If he doesn’t stop after you directly tell him to, then yes, at that point you should talk to HR because it’s getting into sexual harassment territory and that’s their bag.

You could also just block his number, but that’s not as likely to put an end to his advances as a direct statement to him to stop.

Read an update to this letter here.

2. I sent a sloppily formatted application email

I recently worked on a cover letter, resume, and email greeting for a job at my dream company. They’re not currently hiring, but I wanted to grab their attention and was really pleased with how unique my application was.

When I composed the email, I was drafting it in Microsoft Word. Then I pasted it into my Gmail and altered a couple of things, but then made sure it was all the same font, size, etc. I sent the email and bcc’d myself at my Outlook address. When I received the email in Outlook, it looked terrible! There was random spacing, and certain parts of sentences had different fonts and sizes. I was so embarrassed! It’s as if the changes I made in the Gmail window didn’t register.

I decided to reformat the email, test it, and send through again with a short note saying that I’d noticed the format had been altered from Gmail to Outlook, that I’d reformatted for an easier read, and was sorry to have to send again. Is this going to make me look sloppy? There were no typos in the email or the attachment, just the formatting of the body of the email. I’m still embarrassed because it meant so much to me to grab their attention…but not in a negative way!

I wouldn’t worry about it. They’re not going to be outraged by the original formatting, and you sent them a clean version. It’s fine.

(In the future, Gmail’s “remove formatting” feature is your friend; it’ll make all your text look uniform.)

3. Does my employer have to act on a doctor’s note?

I have degenerative spine disease, which is made worse by sitting. I have a doctor’s note requesting that I have an adjustable height desk so I can stand as needed. They provided one that didn’t work out well with my desk. I have found another desk that would work well because it is the whole desk that raises and not an apparatus you put on the desk. Does employer have to provide an ergonomic solution since I have a doctor’s note? My doctor’s note also suggests this work station as a way to avoid potential surgery.

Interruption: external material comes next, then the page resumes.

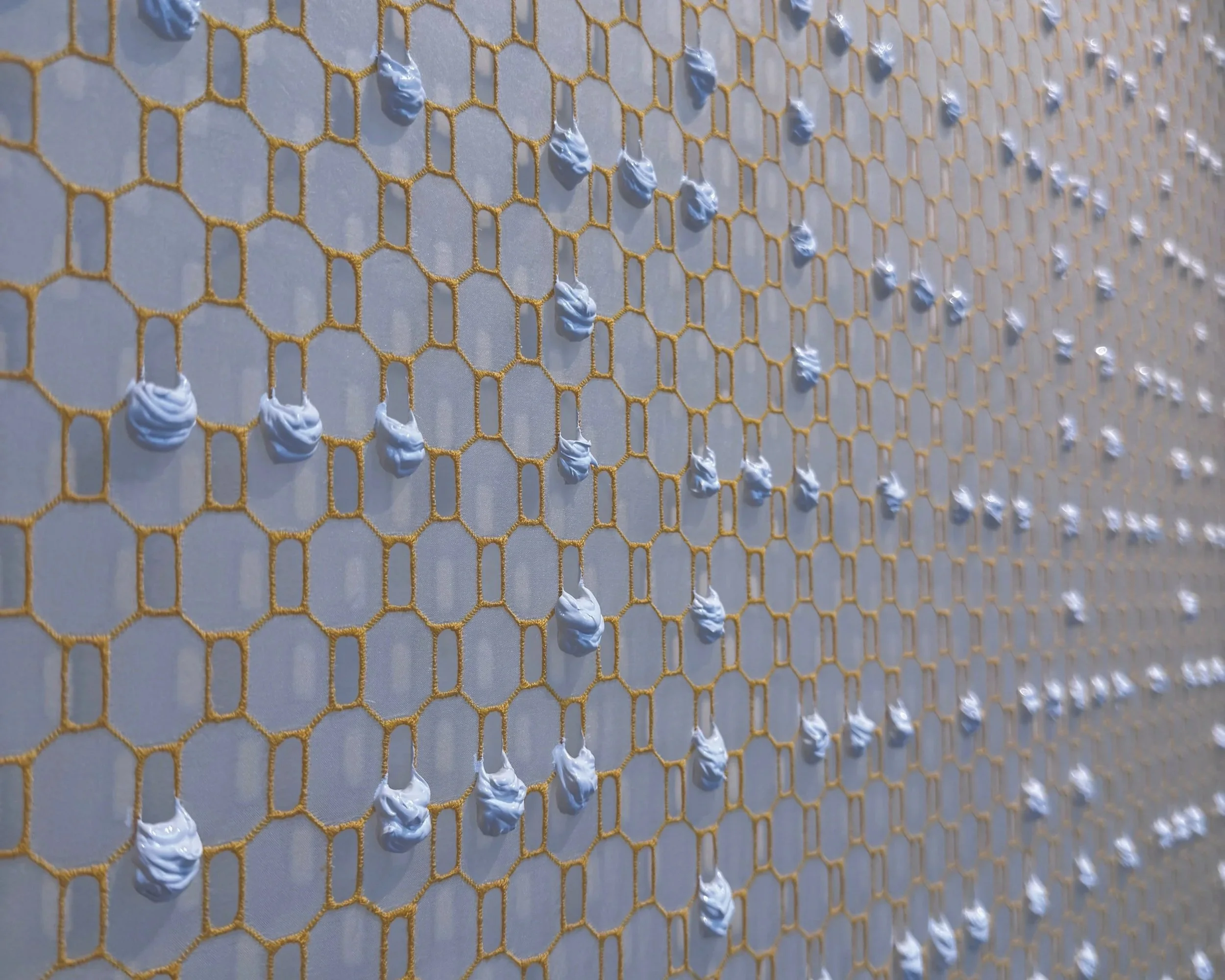 Peata Larkin, Silent Kōrero, 2026 (detail). Acrylic on embroidered silk, 1200mm x 1200mm. Image courtesy of the artist.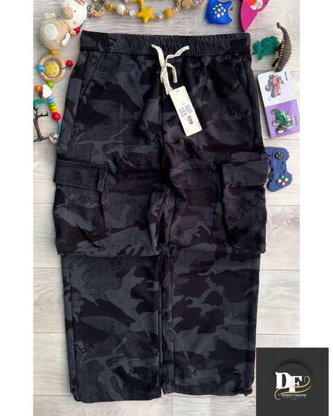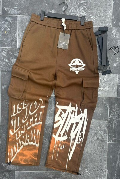Pantalon cargo noir avec impression audacieuse "Desire". Poches latérales pratiques, parfait pour un style urbain moderne. Confortable et tendance, idéal pour un look décontracté.

In general, employers aren’t legally bound to follow the requests or recommendations in doctor’s notes. Good employers will try to if it’s practical, but they’re not legally bound to. However, if the Americans with Disabilities Act is in play here, then they do need to work with you to try to find a reasonable accommodation (which might be what your doctor is recommending but might be something else — although what your doctor is recommending sounds pretty reasonable).

So the question is whether you’re covered under the ADA (which doesn’t list specific conditions other than AIDS, but does cover physical or mental impairments that “substantially limits one or more of the major life activities”).

4. Are farm workers exempt from overtime pay?

I was told by my boss (who is a farm manager) that they don’t have to pay overtime pay (time and a half) if we work more than 40 hours, because farms exist in a wage loophole which allows them to pay straight pay over 40 hours. My question: Is this true?

It’s true! Agricultural workers are indeed exempt from overtime laws (although they still need to be paid minimum wage).